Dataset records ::

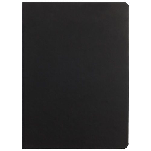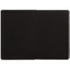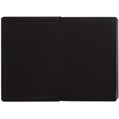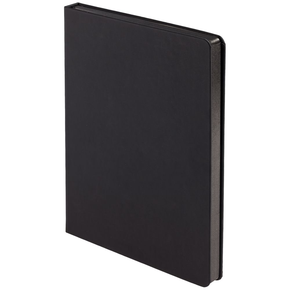 Ежедневник с твердой обложкой и тонированным обрезом, выполнен из материала Soft Touch, черный АА, дополнен ляссе в цвет обложки.
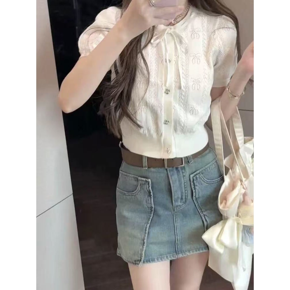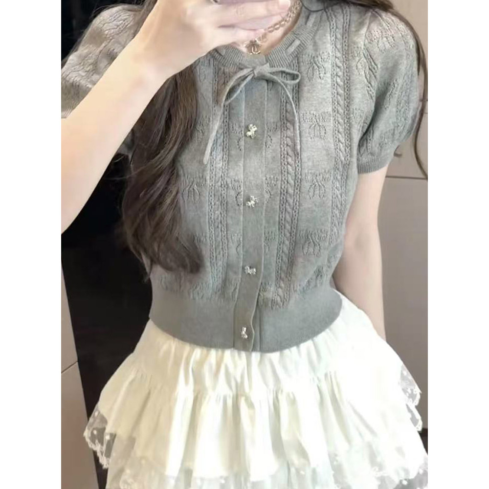 ฤดูร้อนผู้หญิงอเนกประสงค์กุทัณฑ์กลวงผ้าไหมน้ำแข็งแขนสั้น 250620
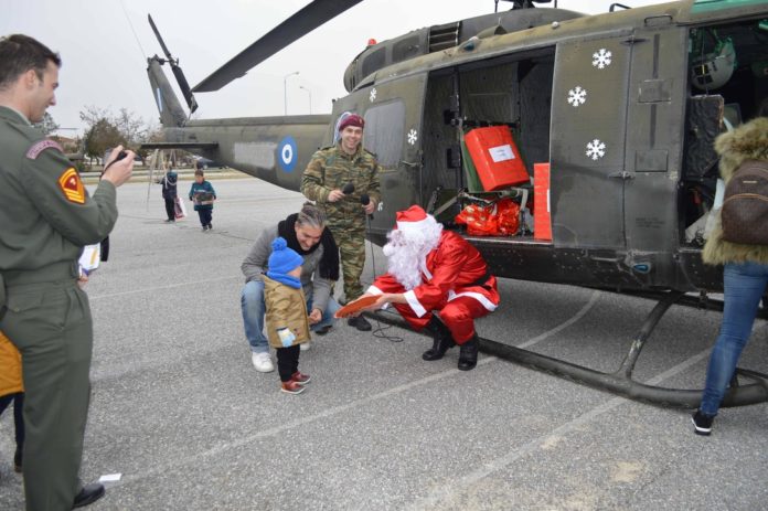– Μεταφορά με ελικόπτερο τύπου HUEY και διανομή δώρων από τον Άγιο Βασίλη στα τέκνα του πολιτικού και στρατιωτικού προσωπικού, το οποίο υπηρετεί στο Αεροδρόμιο Στεφανοβικείου.
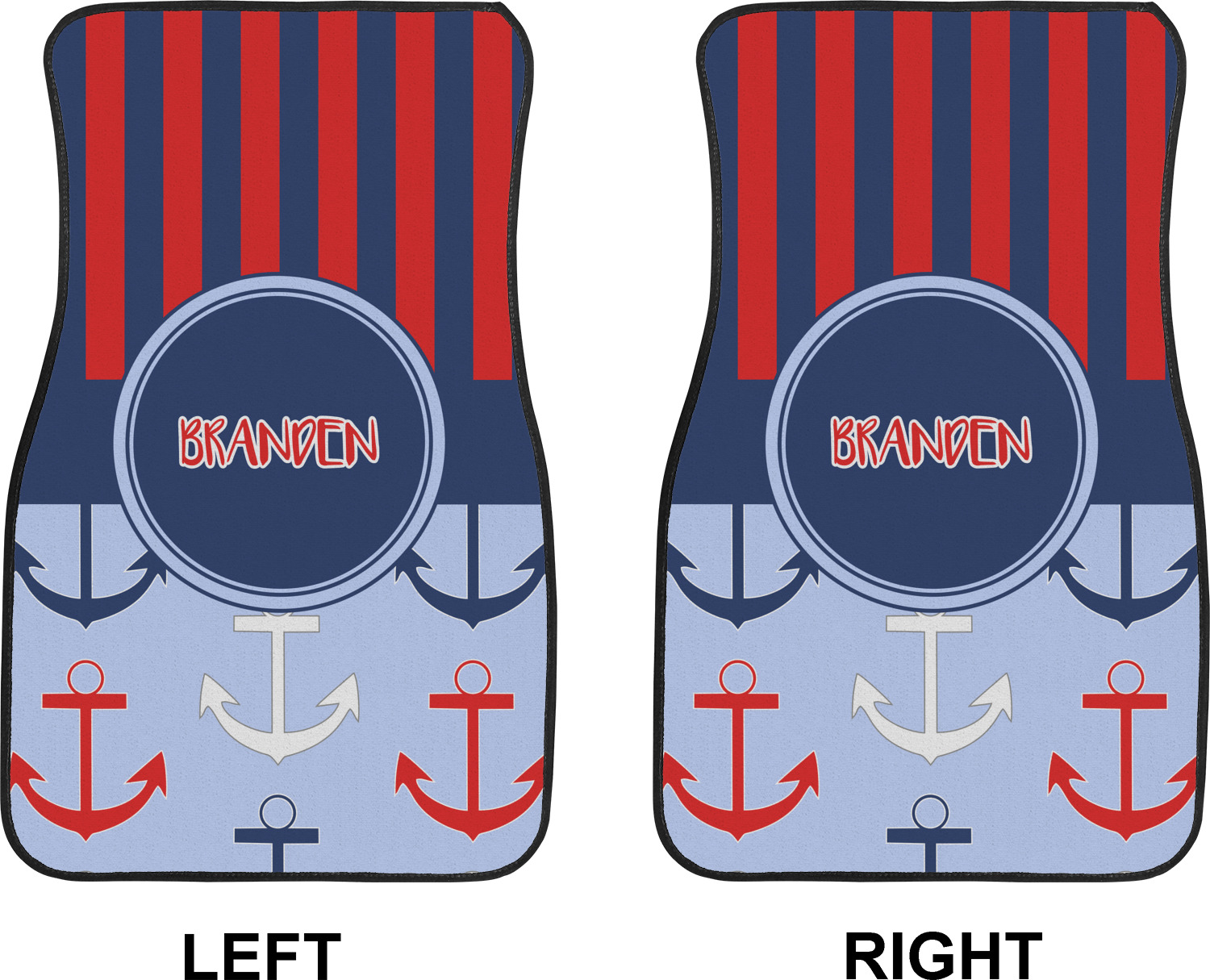 We craft our auto floor mats mats from polyester, apply a black finish to the edges, and lined at the bottom to prevent slippage. These mats protect your floors from grass, mud, and any accidental spills. We display your personalized design on the front face of each mat. The sizes of these car floor liners are standardized to provide a versatile fit for all vehicles. The front rows car mats measure at 17 by 26.5 inches, while the back rows measure at 17 by 13 inches. We sell three packages of car floor mats. You can purchase a pair of front row car mats, a pair of back row car mats, or a set of front row and back row car mats. To make an informed purchase, we recommend measuring the surface area of your car floors.
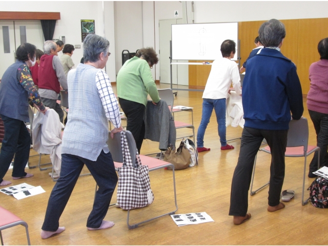 この度、八ツ面ふれあいセンターで開催された「シルバー元気教室」に、西尾苑の理学療法士が講師として参加しました。歩く・立つ・座るといった、自立生活を送るのに必要なストレッチや筋力トレーニングを、地元の高齢者に紹介しました。生活を維持できる体操はもちろんのこと、「いい姿勢で行なうこと、その姿勢とは」「秒数を口で数えると、しっかりと呼吸ができる」などといった役に立つ情報も合わせて行いました。短い時間ではありましたが、活き活きとした参加者の笑顔は印象的でした。

What is expected ::
Nothing but an exact copy belongs in the answer: the lines from the top of the records through the line containing "στο Αεροδρόμιο Στεφανοβικείου.", minus the pictures.

Output ::
 Ежедневник с твердой обложкой и тонированным обрезом, выполнен из материала Soft Touch, черный АА, дополнен ляссе в цвет обложки.
 ฤดูร้อนผู้หญิงอเนกประสงค์กุทัณฑ์กลวงผ้าไหมน้ำแข็งแขนสั้น 250620
– Μεταφορά με ελικόπτερο τύπου HUEY και διανομή δώρων από τον Άγιο Βασίλη στα τέκνα του πολιτικού και στρατιωτικού προσωπικού, το οποίο υπηρετεί στο Αεροδρόμιο Στεφανοβικείου.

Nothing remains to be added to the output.